Intended audience: Data center operators, hyperscaler infrastructure teams, and energy procurement decision-makers evaluating nuclear power as a long-term baseload solution.


Executive Summary


Every conversation about nuclear power for data centers starts with the same assumption: 8–12 years to commercial operation. That assumption is correct for developers starting the licensing process today. It is not correct for all designs currently on the market. On May 29, 2025, the NRC issued Standard Design Approval for the NuScale US460 — the only SMR design in the United States to have completed NRC technical review. For a data center operator willing to engage directly as a project offtaker, the timeline math looks materially different than the industry narrative suggests. This post explains what Standard Design Approval means, why the UAMPS project collapse does not indict the technology, and what a data center operator should be asking before signing a 20-year gas contract.


What "8–12 Years to Operation" Actually Means — and When It Applies


At the 7x24 Exchange Spring Conference in June 2026, I had versions of the same conversation a dozen times with data center designers, constructors, and operators. Their interest in nuclear is real. Their timeline expectations needed calibrating.


The 8–12 year figure is accurate for a developer pursuing NRC licensing on a new design under 10 CFR Part 50 today. Here is what that timeline actually contains:


Pre-application engagement: Before a formal application can be filed, a developer must conduct substantive pre-application engagement — white papers, regulatory engagement plans, topical reports, pre-application meetings. This phase takes a minimum of 2–3 years for a well-prepared team. TerraPower conducted approximately 60 pre-application engagements with the NRC before filing the Natrium CPA in March 2024, per TerraPower SVP George Wilson — nearly three years after submitting its Regulatory Engagement Plan in 2021 (ADAMS ML21159A221).


NRC application review: Under 10 CFR Part 50, NRC staff review of a Construction Permit Application takes 2–3 years. TerraPower's CPA, filed March 2024, resulted in a Construction Permit issued March 2026.


Construction and commissioning: The Natrium plant at Kemmerer, Wyoming is targeting commercial operation in 2030 — four years after CP issuance, nine years after formal NRC engagement began.


Total for a developer starting today: 8–12 years is the realistic range for a program with strong licensing discipline and no major regulatory surprises.


This is the answer that lands in the room. It is also incomplete.


The Design That Already Ran the Regulatory Gauntlet


On May 29, 2025, the NRC issued Standard Design Approval for the NuScale US460 (ADAMS ML25129A004). The NRC completed its technical review in less than two years — ahead of schedule. The Final Safety Evaluation Report is at ML25086A073. The Advisory Committee on Reactor Safeguards reviewed the SER with no open items (ML25136A329).

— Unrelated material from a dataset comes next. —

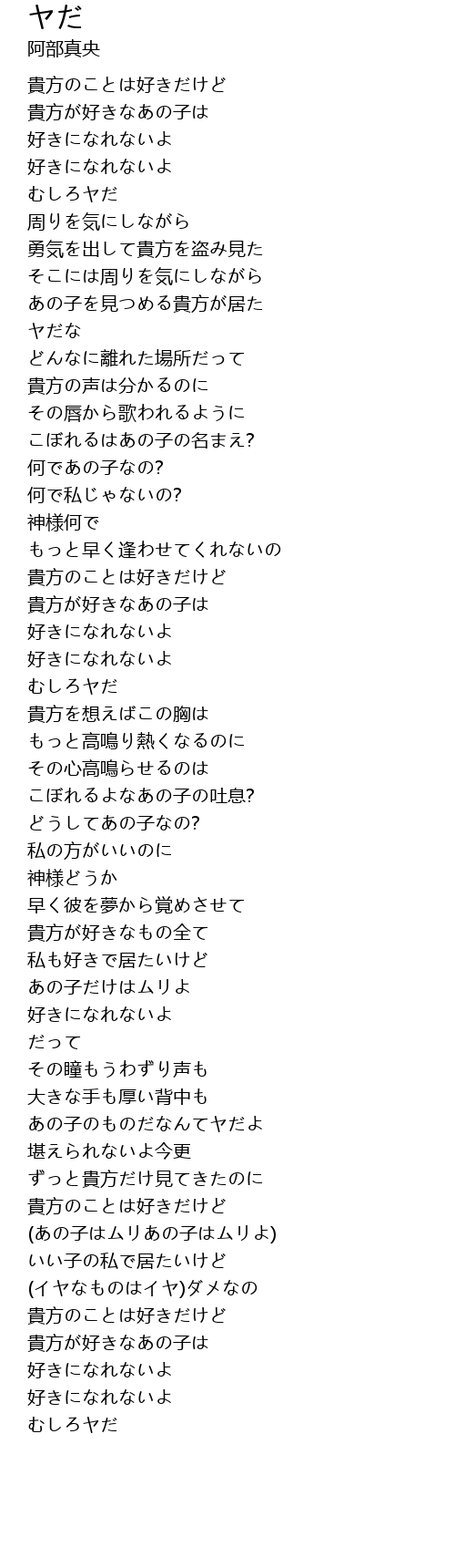 | [02:59.96] | あの子のものだなんてヤだよ |

What Standard Design Approval means under 10 CFR Part 52, Subpart E: The NRC has completed its technical review of the design and found it acceptable. A future applicant referencing this SDA can file a construction permit, operating license, or combined license application without re-litigating the core design safety case. The SDA is valid for 15 years from May 29, 2025.


What it does not mean: SDA is not a construction permit or operating license. A new applicant still needs to complete site-specific environmental review, site characterization, and a formal licensing proceeding. The NRC estimates this process takes 30+ months at current staffing.


SDA vs. Design Certification: These are distinct under 10 CFR Part 52. Design Certification (Subpart B) is codified as a rule and carries stronger finality protections — approved design issues generally cannot be re-litigated in subsequent proceedings. Standard Design Approval (Subpart E) is an NRC staff approval that can be referenced but does not carry the same rulemaking finality. The NuScale US600 received Design Certification in 2020; the US460 received SDA in May 2025. Both clear the design's safety case. The DC provides stronger protection against re-litigation in a contested proceeding.


The US460 design: 77 MWe per module, scalable to 462 MWe across six modules (1,500 MWt total).


NuScale US460 Standard Design Approval issued May 29, 2025 (ADAMS ML25129A004) eliminates the design review phase for a new applicant. Site-specific licensing, construction, and commissioning remain — but the regulatory heavy lifting is done. Source: Gibboney Nuclear, PLLC.
NuScale US460 Standard Design Approval issued May 29, 2025 (ADAMS ML25129A004) eliminates the design review phase for a new applicant. Site-specific licensing, construction, and commissioning remain — but the regulatory heavy lifting is done. Source: Gibboney Nuclear, PLLC.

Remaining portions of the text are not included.